By Titus Boye-Thompson

 

The global economic crises played havoc across the Western world with dire consequences for households and business. Jobs and homes were lost and the damage to savings and investments severely inflicted social and political fabric of those societies. These problems resulted in socioeconomic tensions with fragile governments managing failing economies prone to collapse, especially across Europe. In Africa where the poorest countries are concentrated, the dependence on foreign direct investment has opened the continent to the vagaries of international markets.

While commodity prices soared, the producing Countries were prohibited from benefitting from increased margins due to locked in arrangements and contracted purchasing and royalty regimes. On the other hand, significant proportions of the expanded margins on world market prices for commodities were eaten up by higher borrowing and interest rates cost and stringent loan to capital ratios for maintaining large producing plants, equipment and technologies.
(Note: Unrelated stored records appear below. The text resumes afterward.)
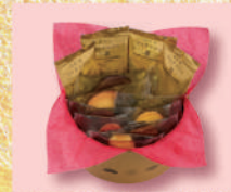
〈アンリ・シャルバンティエ〉 えびすガトー・キュイ・アソートS 1,728 円(10個入) ■洋菓子
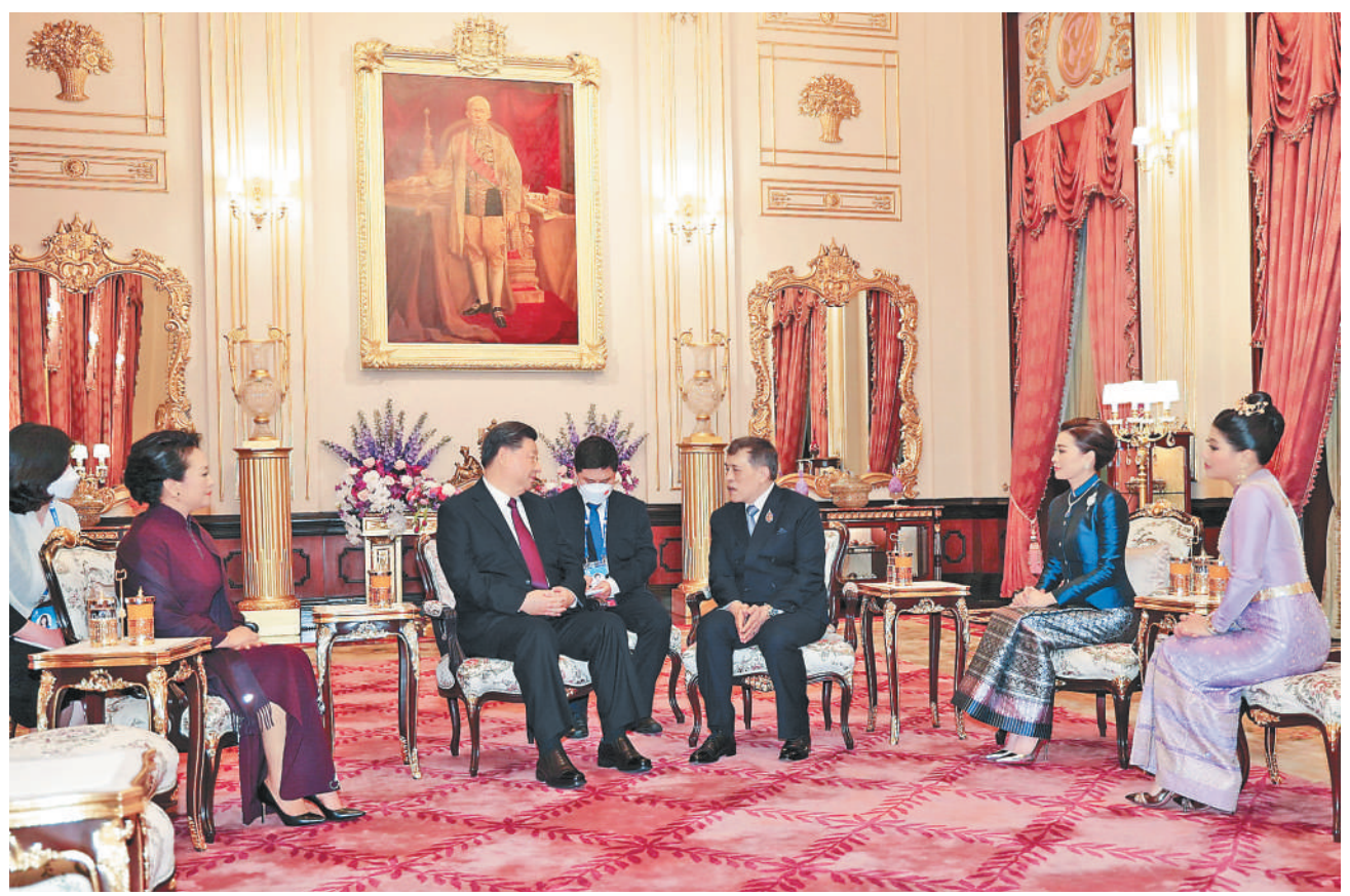
当地时间11月18日晚,国家主席习近平和夫人彭丽媛在曼谷大王宫会见泰国国王哇集拉隆功和王后素提达。
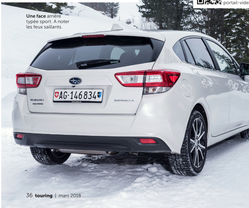
Une face arrière typée sport. A noter les feux saillants.
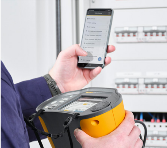
Weniger manuelle Dateneingabe und Aufzeichnungen
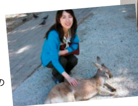
発表を終えてオーストラリアの自然を満喫
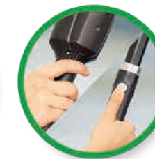
Premere il pulsante di erogazione sul corpo macchina o sull'asta max. 1 secondo

Utilizzare il minor quantitativo possibile di liquido durante il processo di pulizia. Se è necessario inumidire nuovamente il pad, tenere premuto il pulsante di attivazione per circa un secondo. Per ottenere i migliori risultati di pulizia è sufficiente che il pad sia bagnato.
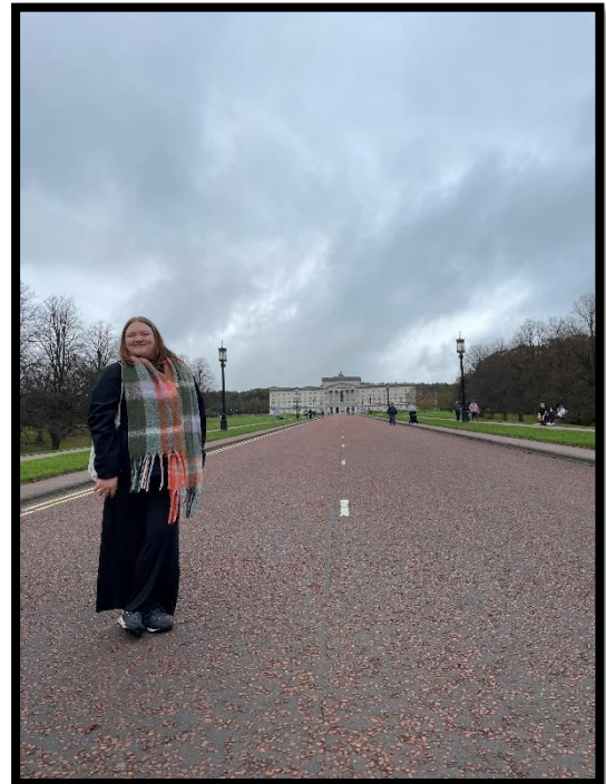
Stormont – das Parlamentsgebäude
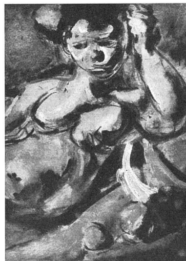
Georges Rouault, Odalisque . Galerie Bing, Paris

treten, und man bedauert, daß er in der Folge in einer oberflächlichen Ausdrucksmalerei seinen Erfolg suchte. Henri Matisse und Rouault sind ihrer eigenen Linie bis heute treu geblieben, und wir erkennen sie ohne weiteres schon in ihren Frühwerken. Ganz besonders Rouault hat sein Lebenswerk, das wir in den verschiedenen diesjährigen Ausstellungen näher kennenlernen, unentwegt in derselben fauvistischen Technik weitergeführt und ihm die Tiefe des reifen Alters gegeben.
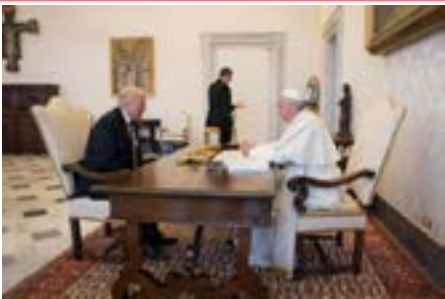
ပုပ်ရဟန်းမင်းကြီး ဖရန်စွသည် အ မေရိကန် ပြည်ထောင်စု သမ္မတ ဒေါနယ် ထရမ်းအား လက်ခံတွေ့ဆုံ စာမျက်နှာ ၅
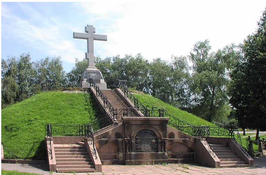
Памятник погибшим в Полтавской битве. Братская могила русских воинов. Архитектор Н. Никонов, мастер А. Баринов
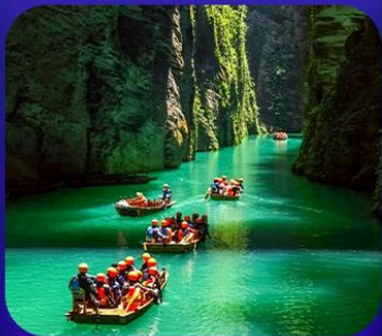
“ ผิงซานแกรนด์แคนย่อน ”

เที่ยวจีน 2 มณฑล เสฉวน+หูเป่ย์ • ถ้าเถิงหลง • หุบเขาสิงโต ซื่อจื่อกวน ล่องเรือมังกรกังสุ่ยชมวิวยามค่ำคืน • ผิงซานแกรนด์แคนย่อน (รวมล่องเรือ) หงหยาดัง • จุดชมรถไฟฟ้าทะเลตึก • ตึกตะเกียบ • สือปาที • หลงเหมินฮ่าว
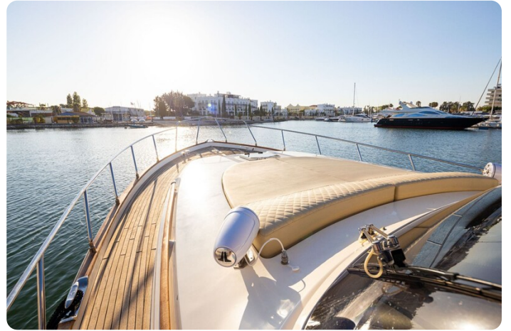
Dolphin 51 bow deck
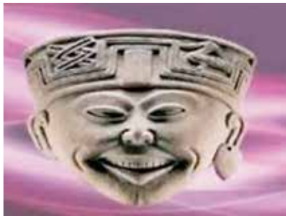
Figuras 21 y 22 - Figurillas sonrientes pertenecientes al sitio de Las Remojadas, encontradas en México

Volviendo a Costa Rica, tal y como lo precisan Fernando Camacho Mora y Jeffry Peytrequín Gómez en un documento titulado: Acercamiento a la cerámica precolombina de Guanacaste, Costa Rica. Un recuento, "la secuencia cronológica precolombina para el actual Guanacaste se ha hecho realizando asociaciones tanto con datos cerámicos como con fechas calibradas de Carbono 14 (C14) . Figura 23
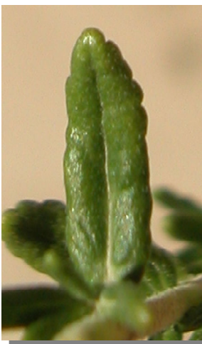
T. aragonense. Detalle de la flor y la hoja.
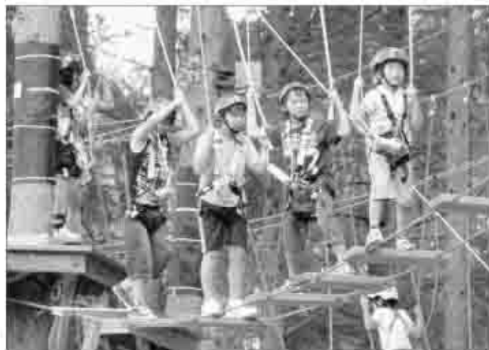
こわいけど、みんなで挑戦すれば大丈夫。

甲州市の豊かな自然と歴史文化に触れ、地域を学ぶことを目的に8月6日、7日の2日間、甲州市少年少女ふるさと探検隊を行いました。 小学5年と6年の67名が参加し、明治36年の中央線開通に合わせ建てられた大日影トンネルやトンネルワインカーヴ、また上日川峠の大自然を探検。普段は別々の小学校に通っていますが、新しい仲間と過ごした2日間は、強い絆と交流が深まっていました。
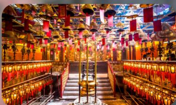
วัดหม่านโม
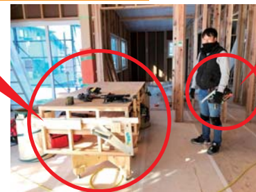
▲普段作業をしている場所

釘やビスといった小物やコード類、電動工具がきれいに納められています! それぞれ決められた場所があり、探す手間がなくなるので、仕事の効率化に繋がっています!
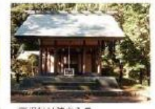
天祖神社をみる 本殿の右奥をみる

高さ6m幅15mほどの大岩。 ごんにやく玉に取っている。 大崗日の渡江ごんにやくのように 来るがくならず書も通す、などの説話も。
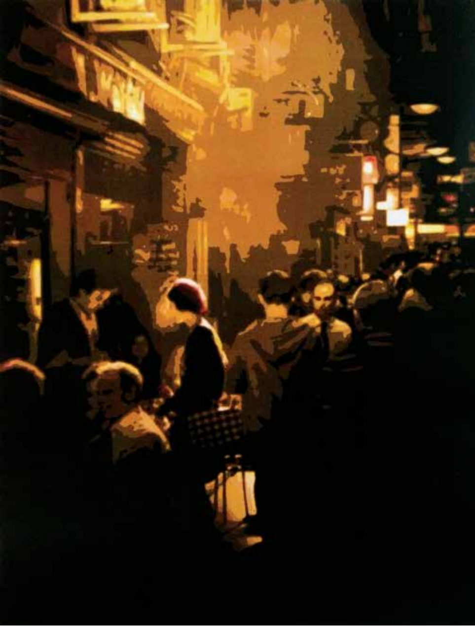
PUSLU ZAMANLAR NO:8 / MISTY TIMES Tuval Üzeri Yağlı Boya / Oil On Canvas 170 x 135 cm., 2021
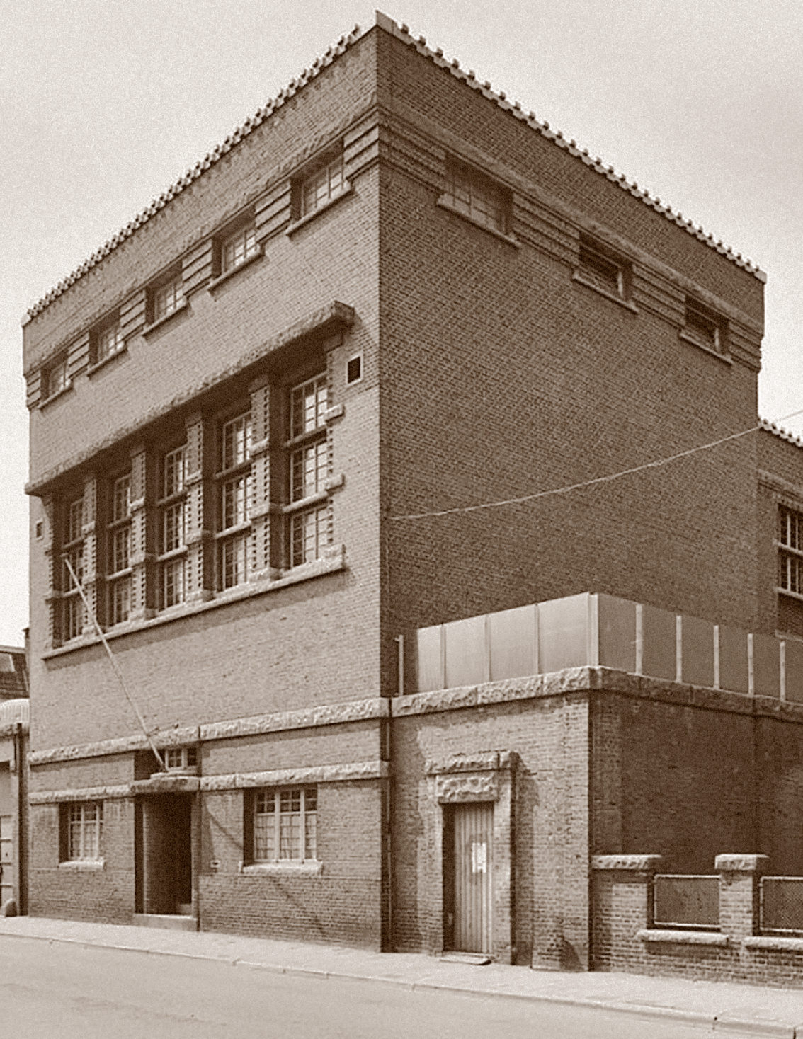
Huis van Bewaring - Almelo
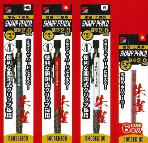
本体 OPP入り 本体 OPP入り 本体 OPP入り 替え芯 OPP入り
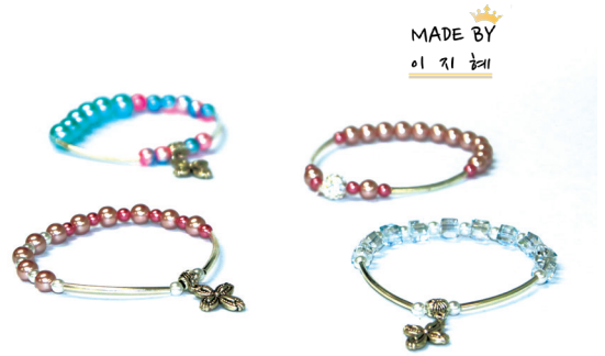
“지혜 팔찌” 능력개발팀 pcc 이용자 이지혜님이 제작한 팔찌입니다.
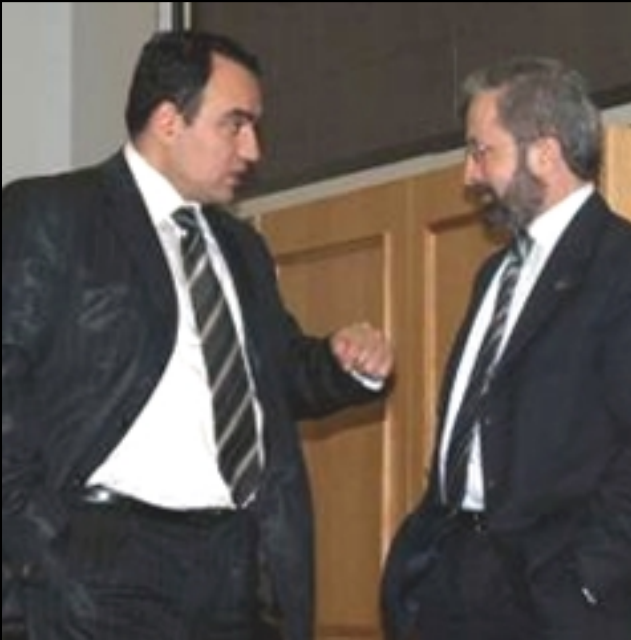
ՀՀ Ազգային Ժողովի նախագահ Արթուր Բաղդասարեան (ձախիմ) կը գրուի իր հաւանական յաջորդ՝ Տիգրան Թորոսեանի հետ

«Արդարութիւն» խորհրդարանական խմբակցութեան ղեկավար Ստեփան Դեմիրճեան «Օրինաց Երկիր» կուսակցութեան համախոհական իշխանութեան կազմէն դուրս գալու կապակցութեամբ «Ազատութիւն» ռատիոկայանին յայտարարեց «Կարող ենք արձանագրել, որ կողմնակից լինելու գոյութիւն չունի»:
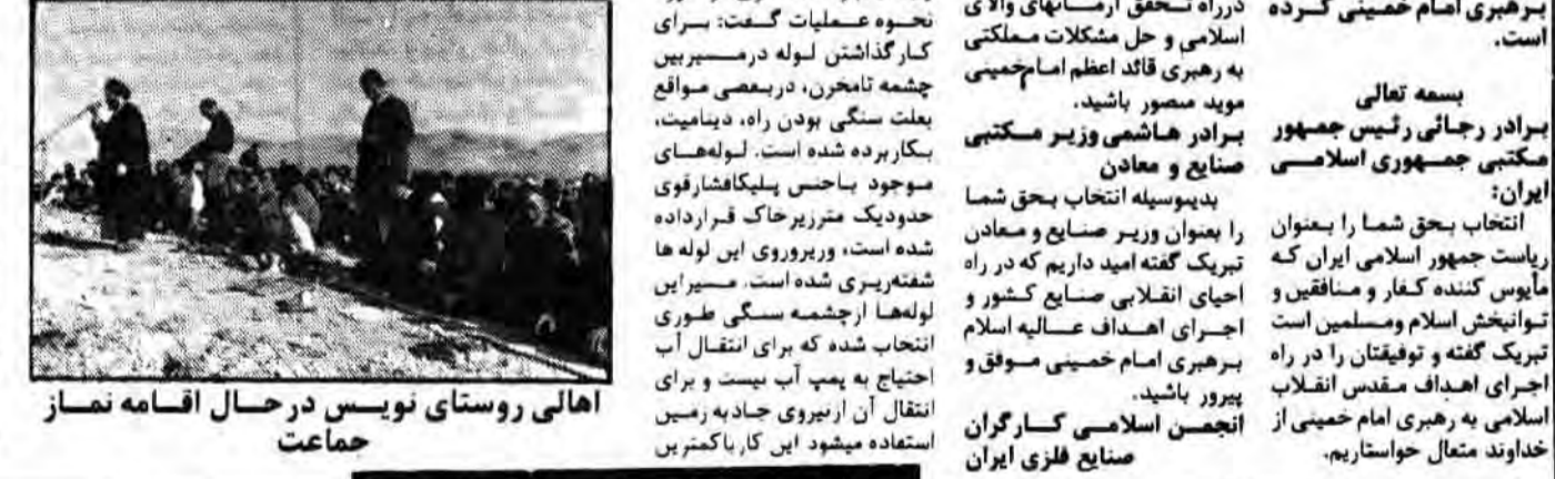
اهالی روستای نویسن در حال اقامه نماز جماعت
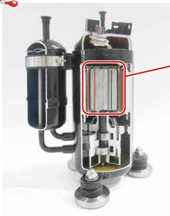
コンプレッサ カットモデル
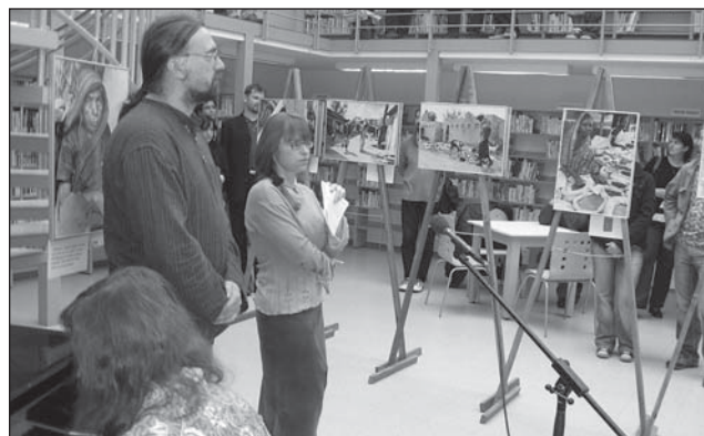
Výstava fotografií p. Zuchnického na téma „Indie – kroky naděje, fotografie byly pořízeny na podporu projektu Diecézní charity Hradec Králové Adopce dětí na dálku.
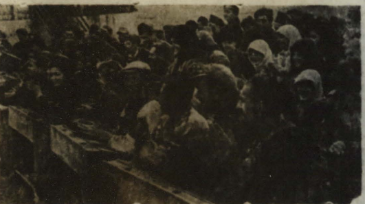
Момент от културно-просветната приредба во село Горно Соопје

Втората задача која се изврши пред нас беше да откриеме аналифетски курсеви по сите катината на Македонија, да ги отвориме нашите училишта, за да премахнеме големата неписменост во нашиот народ. Затоа се изработи и кратки методски напатства. Во тие програми се внесе дух на демократизација и саободата на савеста. Религијата се внесе како факултативен предмет, што значи секој татко или маќка има право да препорача на своето дете да учи или да не учи религија.
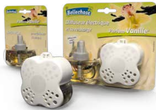
EMBALLAGE BLISTER BLISTER PACK
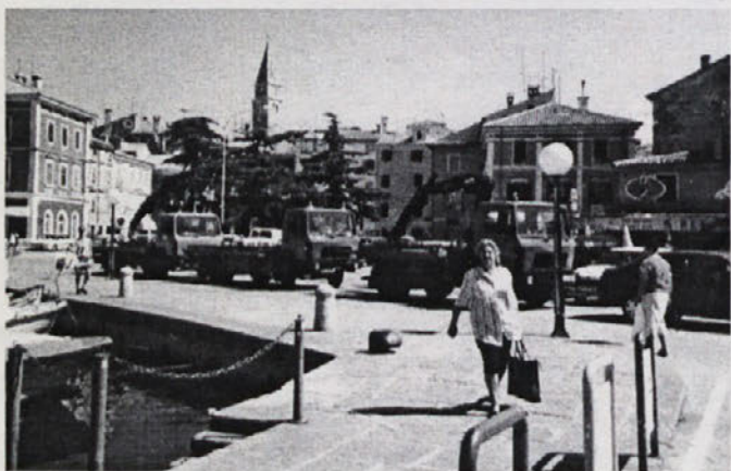
Najprej so prišli trije pajki in izpraznili Veliki trg...
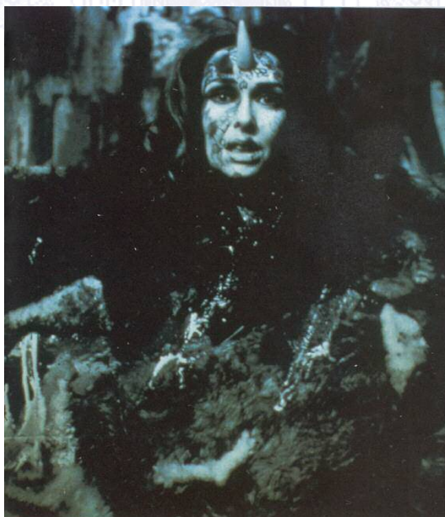
Carolee Schneemann: Eye body:36 . Transformative Actions. 1963 New York

En la década de los setenta se produce un movimiento artístico en Estados Unidos y Europa encuadrable dentro de la corriente feminista, en el que artistas como Orlan, Abramovic o Judy Chicago 6 denuncian el papel de la mujer mediante performances, medio idóneo para contestar y cuestionar construcciones arquetípicas del cuerpo femenino y denunciar problemas relacionados con el género. Marina Abramovic trabaja con el dolor
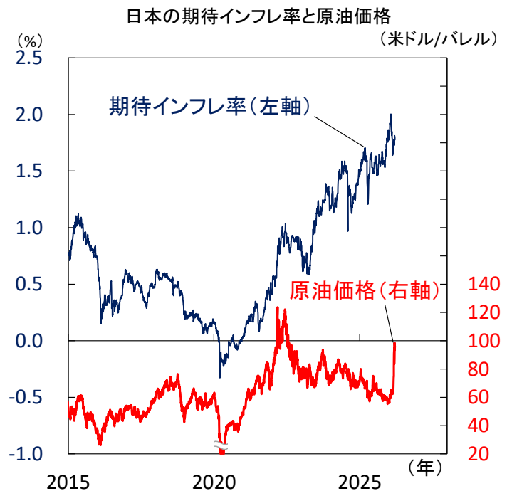
【図2】 原油価格動向の不確実性が高まるなか、日銀は様子見姿勢を強めるのか、植田総裁の会見に注目

注) ここでのインフレ率はブレイクイーブン・インフレ率（10年債ベース）。直近値は2026年3月18日。
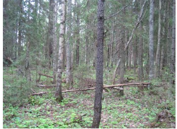
Kuva 5. Pirttilän ja Kallioperän välistä vanhempaa metsää

Kallioperän itäpuolella on puoliavoimia ojanvarsipensaikkoja ja kuusitaimikko, josta löytyy muun muassa maitohorsma, mesiangervo Filipendula ulmaria , karhunputki Angelica sylvestris , huopaohdake Cirsium helenioides ja vadelma Rubus idaeus . Kallioperän ympärillä ja pohjoispuolella Piukunnorossa on puolukka-(CT) ja mustikkatyypin (VT) havupuultaista metsää, harvennusta ja pieniä uudistusaloja. Paikoin löytyy myös koivua ja haapaa Populus tremula kasvavaa käekaali-oravanmarjametsätyyppiä (OMT) ja lahopuuta. Metsä on monirakenteista ja metsätyytit menevät limittäin, joten selkeiden rajojen tekeminen on vaikeaa.
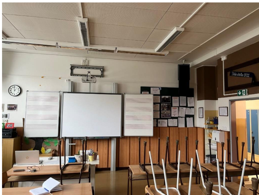
Obrázek 8. Prostory hudební třídy (vlastní zdroj)
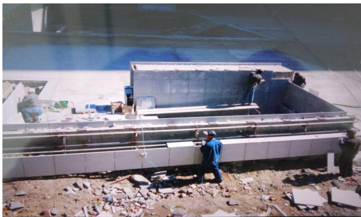
车库出屋面小房干挂理石
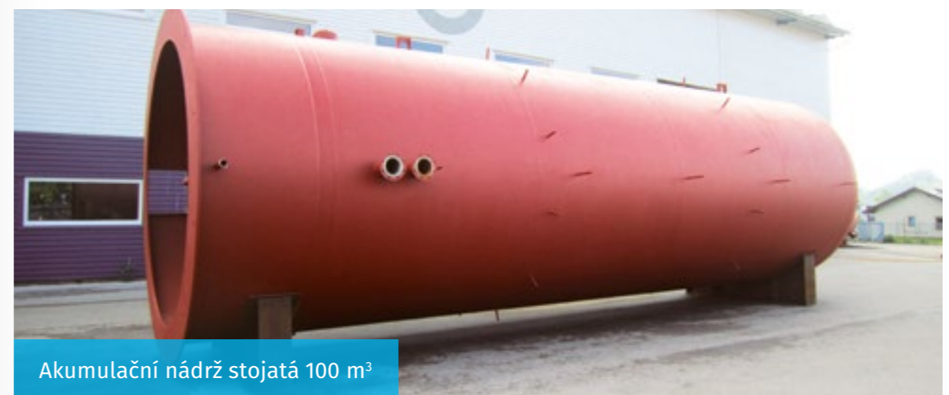
Akumulační nádrž stojatá 100 m 3

All in all, whilst Africa produced the raw materials for high end technological items, the Continent was hampered from feeding itself because of low agricultural yields and end prices for internationally processed food items impacted by spiralling oil prices. Africa therefore became locked in a double whammy, unable to increase its income from widening margins for raw materials and constrained by higher prices of finished goods, unable to feed its populations and hence locked into a cycle of poverty.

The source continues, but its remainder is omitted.